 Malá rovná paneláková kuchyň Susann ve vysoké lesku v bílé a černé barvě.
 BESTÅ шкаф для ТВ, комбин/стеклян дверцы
--
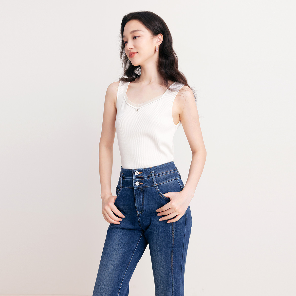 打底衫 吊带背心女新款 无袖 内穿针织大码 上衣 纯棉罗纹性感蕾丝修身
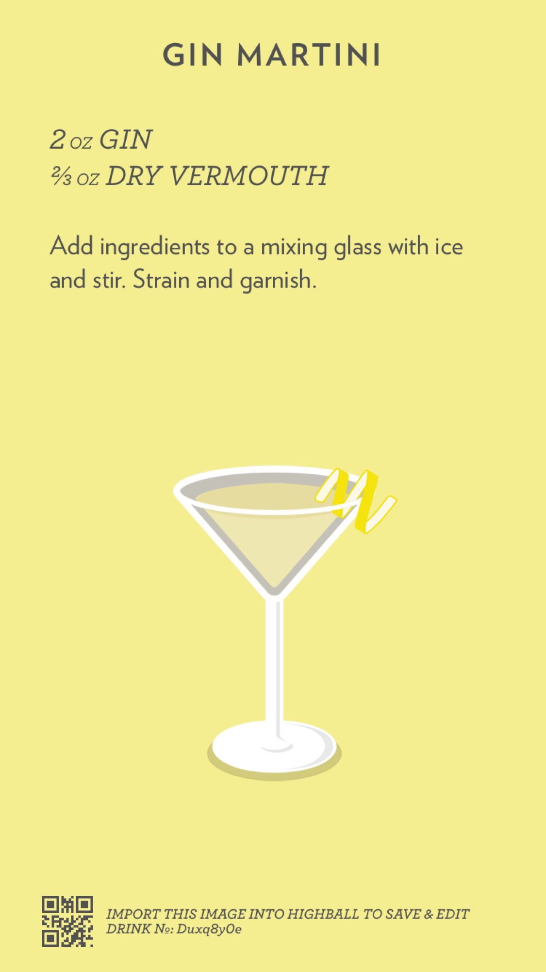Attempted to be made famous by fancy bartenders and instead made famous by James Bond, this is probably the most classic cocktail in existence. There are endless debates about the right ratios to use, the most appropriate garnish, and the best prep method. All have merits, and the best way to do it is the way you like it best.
...
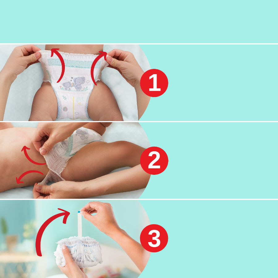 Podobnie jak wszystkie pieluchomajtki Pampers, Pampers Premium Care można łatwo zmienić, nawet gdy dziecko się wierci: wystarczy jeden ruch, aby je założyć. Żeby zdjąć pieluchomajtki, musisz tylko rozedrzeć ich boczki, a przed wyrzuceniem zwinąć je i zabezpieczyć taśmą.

• TRY IT: Produce a word-for-word copy of everything above from the line holding "Malá rovná paneláková" down to the line holding "BESTÅ шкаф для ТВ, комбин/стеклян дверцы", with both of those lines kept.

• RESULT BELOW:
 Malá rovná paneláková kuchyň Susann ve vysoké lesku v bílé a černé barvě.
 BESTÅ шкаф для ТВ, комбин/стеклян дверцы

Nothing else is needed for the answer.